Lavarello was confronted about the documents that night, according to her plea agreement, but she did not take steps that night to return them to the embassy’s secure information facility. With the help of one of the dinner party guests, she returned the documents to a safe in the embassy two days later, the court filings said, but she did not return the documents to the secure information facility as she had said at the time that she would do.

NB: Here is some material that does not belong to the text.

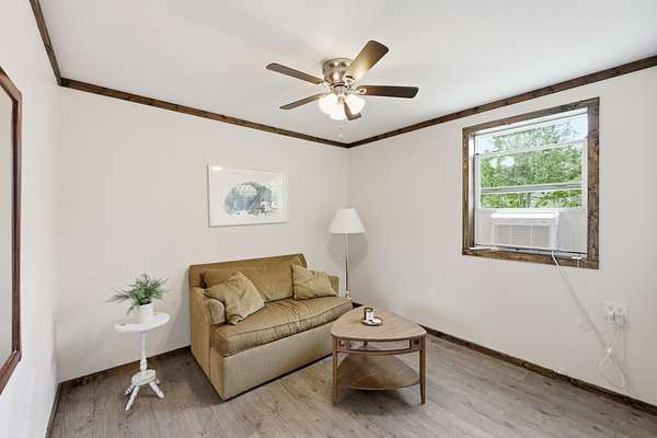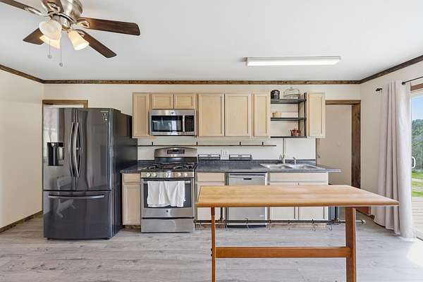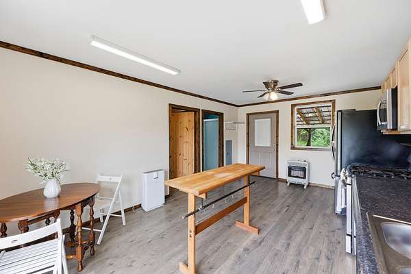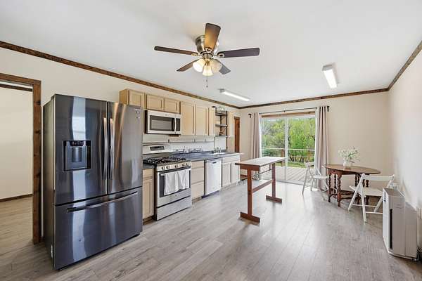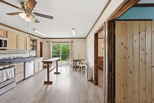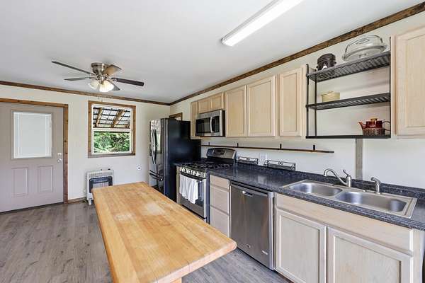 Off the grid meets convenience! This beautiful 8 acre mini farm is secluded, yet is located only minutes from downtown Irvine. This property offers a cozy, one level home with 3 bedroom options, 1 full bathroom, a large eat-in kitchen, stainless steel appliances, and new luxury vinyl plank flooring throughout. All appliances, including the washer and dryer, convey with the home! Located off of the kitchen is an oversized back deck that overlooks a gorgeous view of your pond, making it the perfect spot for your morning coffee. Enjoy the sounds of nature from the comfort of your covered front porch. The property also features a small barn with that has an additional kitchenette and enough room for an additional living space or to be used for storage. This property features two road accesses for added convenience. Do not miss out on this versatile property with so much to offer!

She was terminated from her temporary assignment that month because of her mishandling of the documents. In her plea agreement, Lavarello also admitted to transporting from the Philippines to Hawaii later that month a notebook containing classified information. The notebook were handwritten notes from a meeting that were later classified, her lawyer told CNN. According to the court documents, she kept that notebook at her residence, which was not an authorized location for storing classified information. The notebook was later found at her workspace in Honolulu after a search warrant was executed, according to the court filings.
Some of the information in the notebook had been previously sent from her personal email to an unclassified work email account in January 16 2020, leading the FBI to determine she possessed the notebook at an unauthorized location at that time.
Lavarello pleaded guilty last July to unauthorized removal and retention of classified documents or material. She was sentenced on Thursday to three months in prison and a $5,500 fine, according to a Justice Department press release.